ALPHA-SYNUCLEIN DETECTION IN SKIN SAMPLES BY SEED AMPLIFICATION ASSAY FOR PARKINSON’S DISEASE DIAGNOSIS IN CHILEAN PATIENTS

Background: The pathological accumulation of α-synuclein (α-syn) aggregates is a hallmark biomarker of Parkinson’s disease (PD). Seed amplification assays (SAAs) offer a highly sensitive approach for detecting these aggregates, enabling early and minimally invasive diagnosis.
Methods: We aimed to assess the diagnostic accuracy, reliability, and reproducibility of SAAs, as well as to explore their correlation with clinical markers of PD. Skin punch biopsies (3 mm diameter; 14 PD, 17 healthy controls) from Chilean participants were analyzed. Each sample was tested in quadruplicate, and a sample was considered positive when at least three out of four replicates crossed the background fluorescence threshold.

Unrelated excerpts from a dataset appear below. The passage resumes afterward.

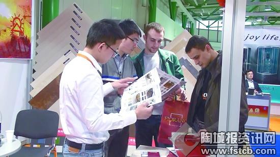 高安陶瓷在莫斯科展会上广受欢迎。图为江西太阳陶瓷有限公司佛山营销中心总经理胡尧(左一)为客户介绍公司产品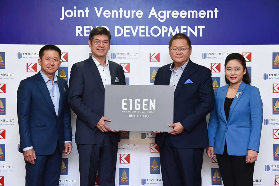 นายวิโรจน์ เจริญตรา (ที่ 2 จากซ้าย) กรรมการผู้จัดการ บมจ.พรีบิลท์ (PREB) ถ่ายภาพร่วมกับนายบุญเลิศ รตินธร (ที่ 2 จากขวา) ประธานเจ้าหน้าที่บริหาร ,นางสาวสุทธิสินี อยู่สวัสดิ์ (ที่ 1 จากขวา) กรรมการผู้จัดการ บริษัท รีโว เอสเตท จำกัด พร้อมด้วย นายมนตรี กิจรุ่งเรืองกูล (ที่ 1 จากซ้าย) กรรมการผู้จัดการ บริษัท เค.อาร์.ซี เอ็นจิเนียริ่ง จำกัด ในโอกาสที่ทั้ง 3 บริษัท ซึ่งเป็นผู้เชี่ยวชาญในธุรกิจอสังหาริมทรัพย์ได้ร่วมมือจัดตั้ง บริษัท รีโว ดีเวลลอปเม้นท์ จำกัด เพื่อพัฒนาโครงการไอเจ้นท์ (EIGEN) ทาวน์โฮมแห่งใหม่ย่านถนนพัฒนาการ ด้วยทุนจดทะเบียน 170 ล้านบาท เมื่อเร็ว ๆ นี้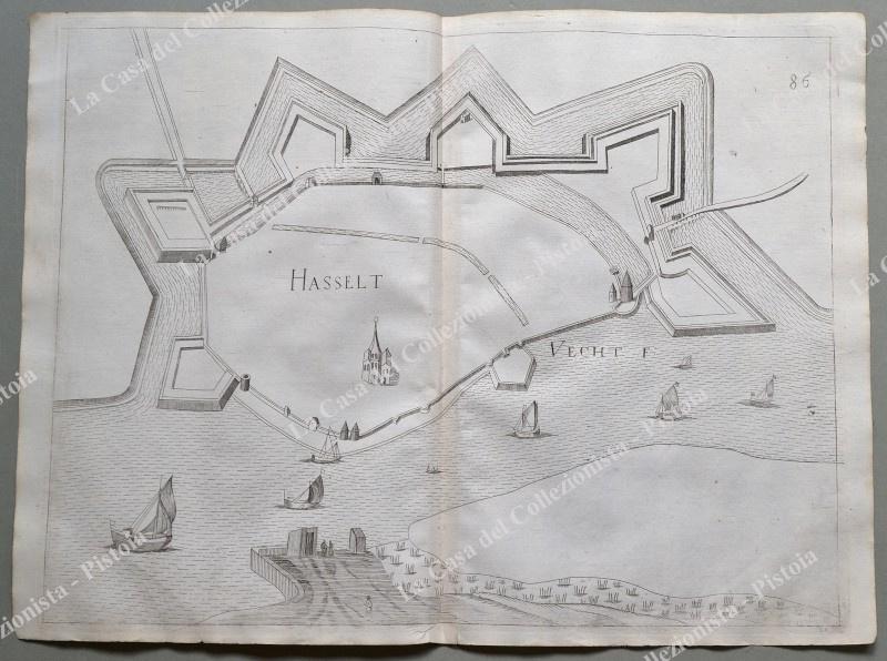 Pianta topografica della città di "Hasselt". Incisione realizzata con la tecnica dell'acquaforte tratta da "Teatro del Belgio o sia descritione delle diecisette provincie del medesimo; Con le Piante delle Città, e Fortezze Principali; da chi al presente possesse; come, in qual modo, & in qual tempo acquistate. Aggiontovi un Succinto racconto di quanto è occorso dalla mossa d'armi del Re Christianissimo contro gli Stati Generali delle Provincie Unite fin' al fine del 1672. Descritta dal Conte Galeazzo Gualdo Priorato", opera stampata in Francoforte nel 1683. Misura cm 41,7x31,9 (ai margini cm 45,4x33,6). (Rif.D7049)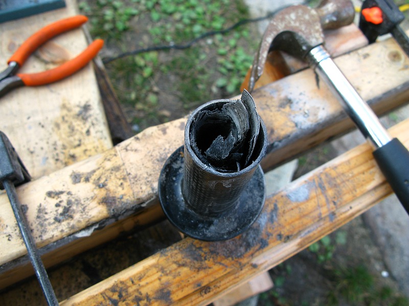 相変わらず選択肢の少ない4ピースパドルですが、2ピースを改造して4ピースに。ブレード部分からぶった切ってスリーブを接着すればOK、と考えてしまいますが、事はそんなに簡単ではない。通常のパドルはブレードとシャフトの結合部分には補強のインナーパイプが接着されています。4ピース用のインナースリーブを挿入するには、そいつを削り取らなければなりません。これはニンバスのチヌークです。愛用してますがもう廃版品なので、失敗は許されません。緊張。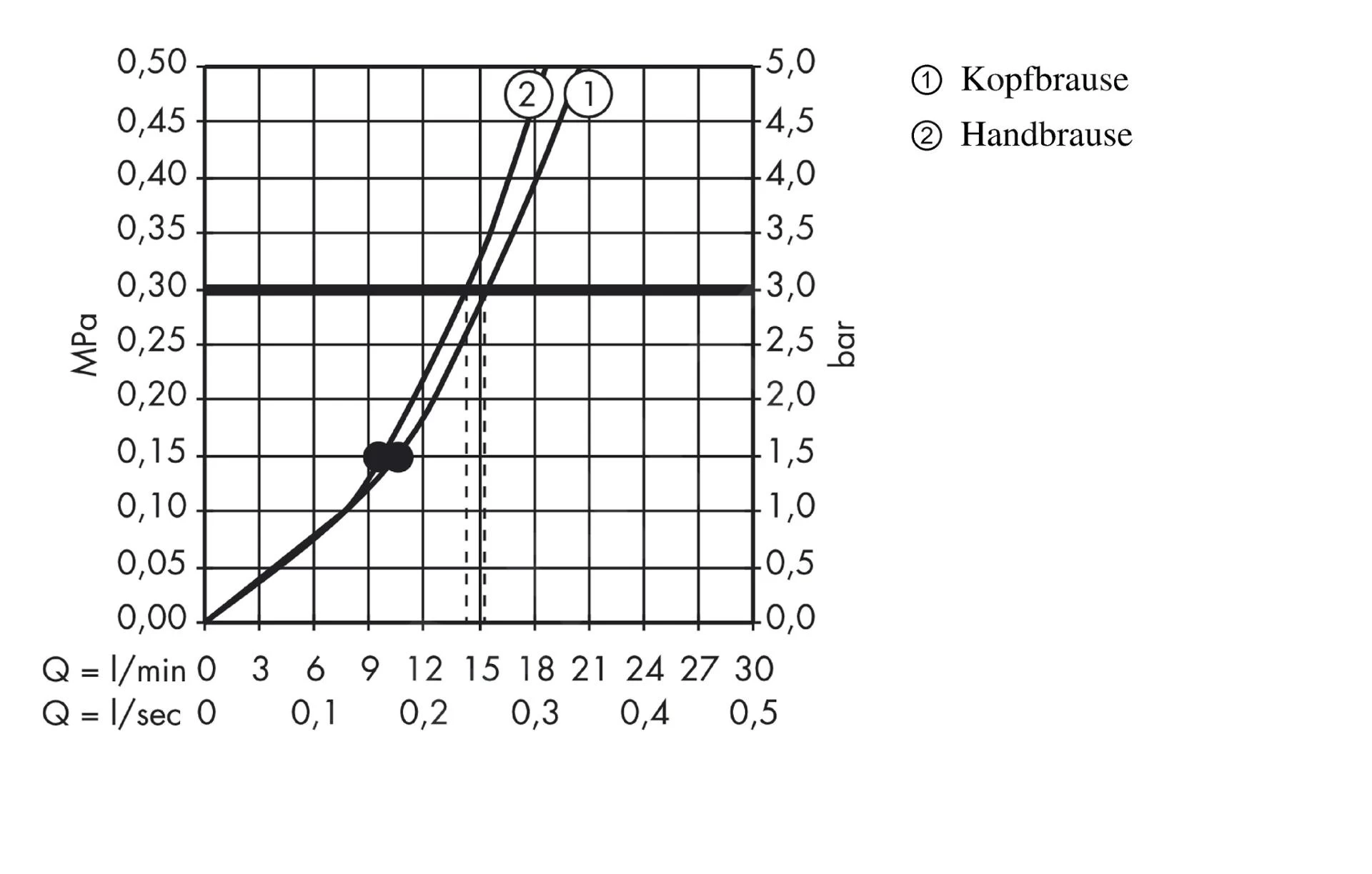 - maximale doorstroming (bij 0,3 MPa): 15 l/min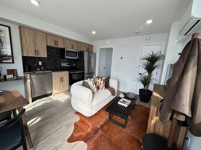 Fom Crowchild Trail this structure looks like big single family suburban home sitting all by itself at 50th Ave SW next to ATCO’s headquarters. But in reality it is a four-plex with two 1-bedroom homes on the main level and two 2-bedroom homes on the upper floors using ATCO’s modular technology.. Given Calgary is Canada’s fastest growing major city, the need for building houses faster and better is critical to the city’s future.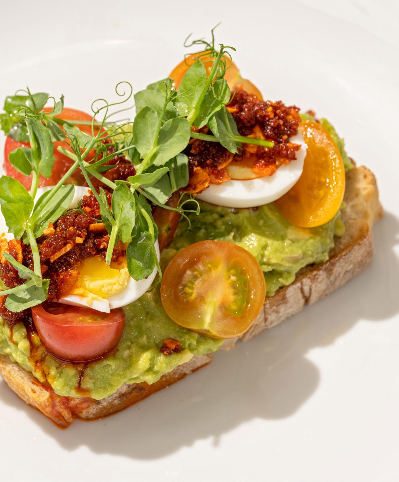 Sublimely simple avocado toast, with heirloom tomatoes, medium-boiled egg, and chili garlic.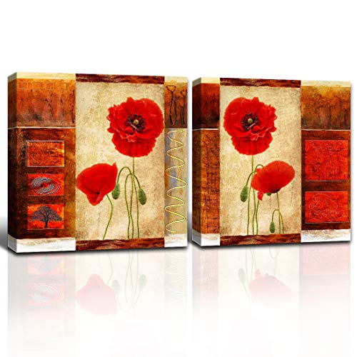 Gardenia Art red Kitchen Accessories Red Poppies Modern Abstract Canvas Art Wall Decorations for Home for Bedroom 16x16 in 2 Panels Stretched and Framed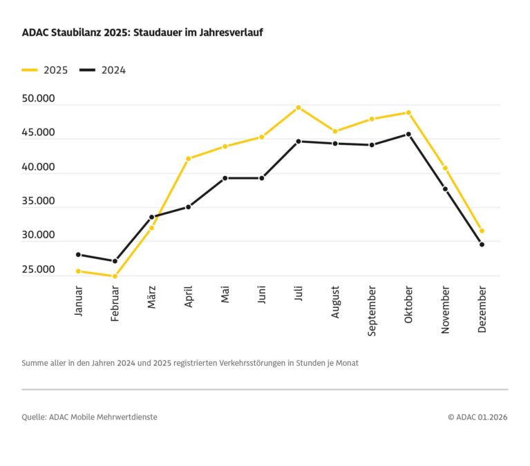 Nach Angaben des ADAC sank die Zahl der erfassten Staus 2025 auf rund 496.000, nachdem es im Jahr 2024 noch 516.000 waren. Dennoch nahm die Belastung für Verkehrsteilnehmer zu: Die Staustunden stiegen um rund sieben Prozent von 448.000 auf insgesamt 478.000 Stunden. Auch die Gesamtlänge der Staus erhöhte sich leicht und lag bei 866.000 Kilometern, nach 859.000 Kilometern im Vorjahr.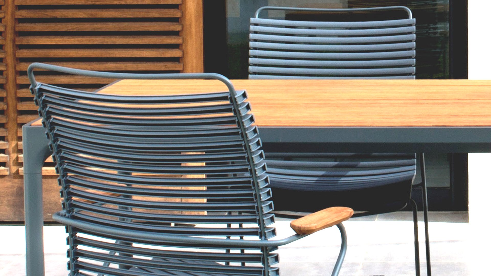 This garden chair is available with or without armrests, and fully stackable! HOUE CLICK Armchair is simple, honest, and ergonomically designed. This garden chair has a backrest that perfectly molds to every body, the ergonomically shaped back makes the chair very comfortable to use without a cushion. Also available with a high backrest or as an adjustable chair.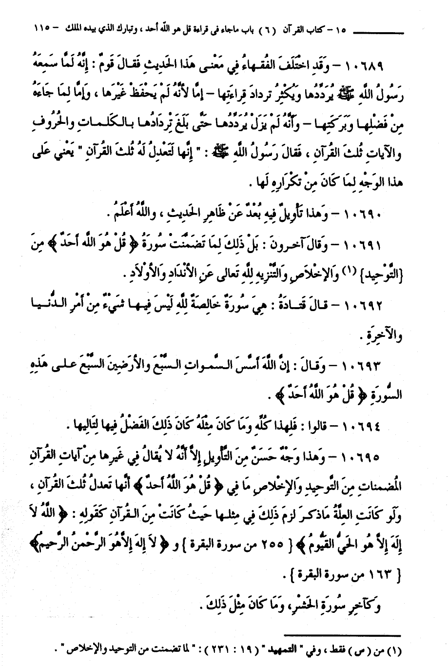 10695 - وَهَذَا وَجْهٌ حَسَنٌ مِنَ التَّأْوِيلِ إِلَّا أَنَّهُ لَا يُقَالُ فِي غَيْرِهَا مِنْ آيَاتِ الْقُرْآنِ الْمُضَمِّنَاتِ مِنَ التَّوْحِيدِ وَالْإِخْلَاصِ مَا فِي " قُلْ هُوَ اللَّهُ أَحَدٌ " أَنَّهَا تَعْدِلُ ثُلُثَ الْقُرْآنِ، وَلَوْ كَانَتِ الْعِلَّةُ مَا ذَكَرَ لَزِمَ ذَلِكَ فِي مِثْلِهَا حَيْثُ كَانَتْ مِنَ الْقُرْآنِ كَقَوْلِهِ: "اللَّهُ لَا إِلَهَ إِلَّا هُوَ الْحَيُّ الْقَيُّومُ " 255 مِنْ سُورَةِ الْبَقَرَةِ وَ "لَا إِلَهَ إِلَّا هُوَ الرَّحْمَنُ الرَّحِيمُ " 163 مِنْ سُورَةِ الْبَقَرَةِ، وَكَآخَرِ سُورَةِ الْحَشْرِ، وَمَا كَانَ مِثْلَ ذَلِكَ.

Results: SAA reactions seeded with PD samples produced fibrillary α-syn aggregates, whereas control samples did not induce conversion of the recombinant α-syn substrate. The lag phase was significantly shorter in PD samples compared to controls (p < 0.01), indicating faster seeding kinetics in the disease state. No correlation was found between clinical measures and seeding activity.
Conclusions: This study is the first to evaluate SAA technology for PD diagnosis in a Chilean cohort. Our findings validate the feasibility of detecting pathological α-syn from minimally invasive samples using SAA, supporting its potential for early diagnosis. Further studies are needed to refine assay conditions and validate the clinical utility of SAAs as a non-invasive, cost-effective diagnostic tool.